Les taxis autonomes de Waymo ne sont désormais plus les seuls à embarquer des passagers à San Francisco. Zoox, filiale de conduite autonome d'Amazon, a annoncé le 18 novembre le lancement de son programme “Explorers” dans la ville de Californie, permettant à certains utilisateurs inscrits sur liste d'attente d'embarquer à bord de ses propres véhicules sans volant ni pédales.
Un lancement initial dans trois quartiers de San Francisco
“Notre initiative Explorers invite les premiers utilisateurs à tester gratuitement le service et à nous faire part de leurs commentaires afin d'améliorer l'expérience avant son déploiement à plus grande échelle”, précise Zoox dans un communiqué. Les utilisateurs seront progressivement retirés de la liste au fur et à mesure de l'agrandissement de la flotte, avant une suppression de la liste d'attente l'année prochaine. Ils pourront entrer n'importe quelle destination – et non choisir parmi certains points de dépose, comme c'est le cas à Las Vegas – dans une zone couvrant les quartiers de South of Market (SoMa), Mission et Design District.

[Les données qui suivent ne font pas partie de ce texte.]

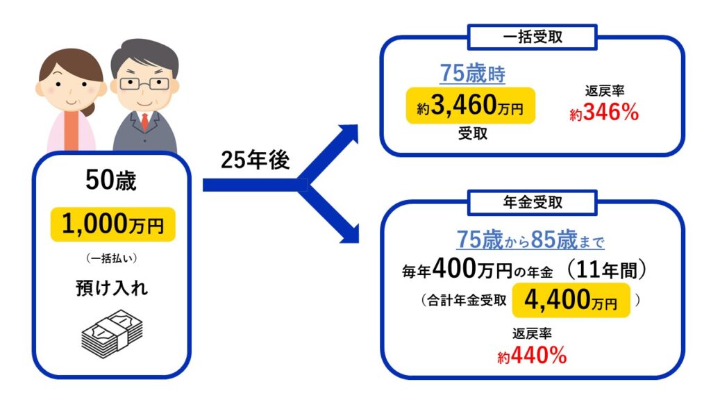 75歳から85歳までの11年、毎年400万円年金受取(受取総額4,400万円)収支+3,400万円 返戻率約440%

Plusieurs SUV Toyota Highlander équipés du système de conduite autonome de Zoox sillonnent la ville depuis plusieurs années déjà. Une pratique courante pour la filiale d'Amazon, qui lui permet de cartographier les futures zones de déploiement tout en développant son véhicule conçu en interne. Zoox teste ainsi son logiciel dans d'autres villes américaines, telles que Seattle, Austin, Los Angeles, Miami, Atlanta et, depuis début octobre, Washington.

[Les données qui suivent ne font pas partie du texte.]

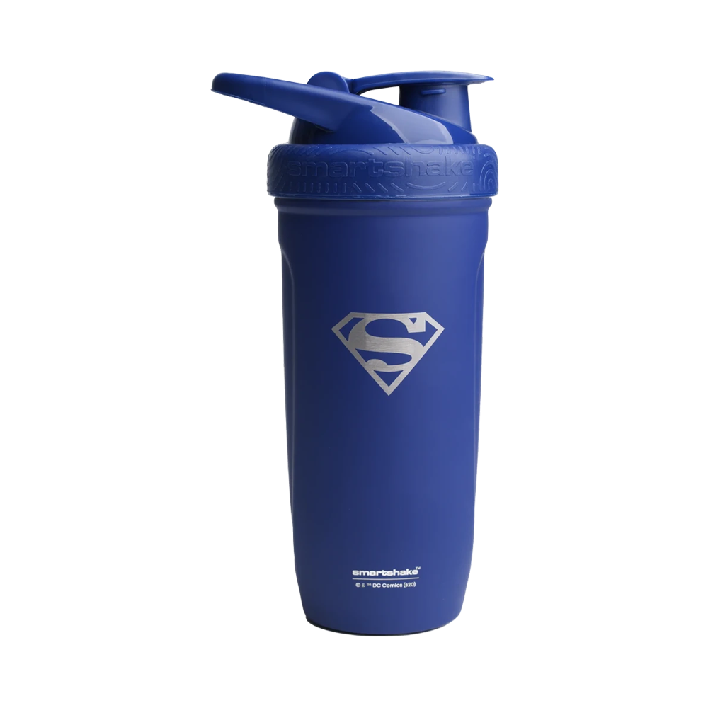 Шейкер SmartShake Reforce из нержавеющей стали в стиле DC Comics отличается прочной конструкцией и обеспечивает равномерное смешивание, позволяя вам получать необходимое топливо для тренировок, где бы вы ни находились.

Deux permis à obtenir pour lancer un service payant
À la rentrée, Zoox a lancé un service de taxis autonomes gratuit sur le Strip de Las Vegas, ouvert en l'occurrence à tous les utilisateurs de son application. Une offre malgré tout très limitée : seul cinq arrêts de prise en charge et de dépose sont proposés (hôtels, casino, complexe de loisirs…), sur un trajet maximum de 4,8 kilomètres en quasi-ligne droite. L'entreprise attend le feu vert de l'agence américaine de sécurité routière (NHTSA) pour lancer des trajets payants.

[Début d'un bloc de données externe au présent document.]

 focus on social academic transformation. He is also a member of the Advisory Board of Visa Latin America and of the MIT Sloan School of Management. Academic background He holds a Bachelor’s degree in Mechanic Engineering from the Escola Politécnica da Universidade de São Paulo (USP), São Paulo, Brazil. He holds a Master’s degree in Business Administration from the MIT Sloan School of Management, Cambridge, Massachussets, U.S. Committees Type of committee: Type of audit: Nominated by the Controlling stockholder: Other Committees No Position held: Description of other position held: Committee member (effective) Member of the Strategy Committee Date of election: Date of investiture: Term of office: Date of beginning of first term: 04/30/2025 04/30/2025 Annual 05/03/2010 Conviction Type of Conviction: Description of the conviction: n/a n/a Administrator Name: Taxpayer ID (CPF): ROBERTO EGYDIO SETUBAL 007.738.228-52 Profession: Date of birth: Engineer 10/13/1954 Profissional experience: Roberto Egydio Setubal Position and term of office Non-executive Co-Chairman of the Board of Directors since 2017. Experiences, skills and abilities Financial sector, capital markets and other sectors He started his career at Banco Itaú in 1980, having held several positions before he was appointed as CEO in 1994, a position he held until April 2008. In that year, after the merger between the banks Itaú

Même si elle ne le dit pas explicitement, Zoox espère aussi obtenir les autorisations réglementaires suffisantes pour lancer un réel service à San Francisco. La législation dans l'État américain est quelque peu particulière : en plus d'un permis délivré par la NHTSA, la société doit convaincre la California Public Utilities Commission (CPUC), chargée des transports à la demande, afin de facturer des courses. La NHTSA a clôturé cet été une enquête sur le processus d'auto-certification des taxis autonomes Zoox, autorisant la circulation de ses “grille-pains sur roues” à des fins de démonstration.
Faire de l'ombre à Waymo
Avec cette nouvelle étape franchie à San Francisco, Zoox compte bien faire de l'ombre à Waymo, qui a fait de la ville de Californie son premier marché. La filiale d'Alphabet, qui revendiquait au printemps la réalisation de 250 000 courses hebdomadaires, dispose d'une flotte de plus de 2000 véhicules, dont 800 à San Francisco, 500 à Los Angeles et 400 à Phoenix. Elle a également lancé deux services avec Uber à Austin et Atlanta, et prévoit de s'étendre dans une dizaine de villes l'année prochaine.
Un autre acteur s'intéresse de près à San Francisco : Uber. Le géant du VTC prévoit de lancer son propre service de taxis autonomes dès l'année prochaine, en commençant par la métropole. La flotte sera composée de SUV Lucid Gravity équipés du logiciel de conduite autonome de la start-up Nuro.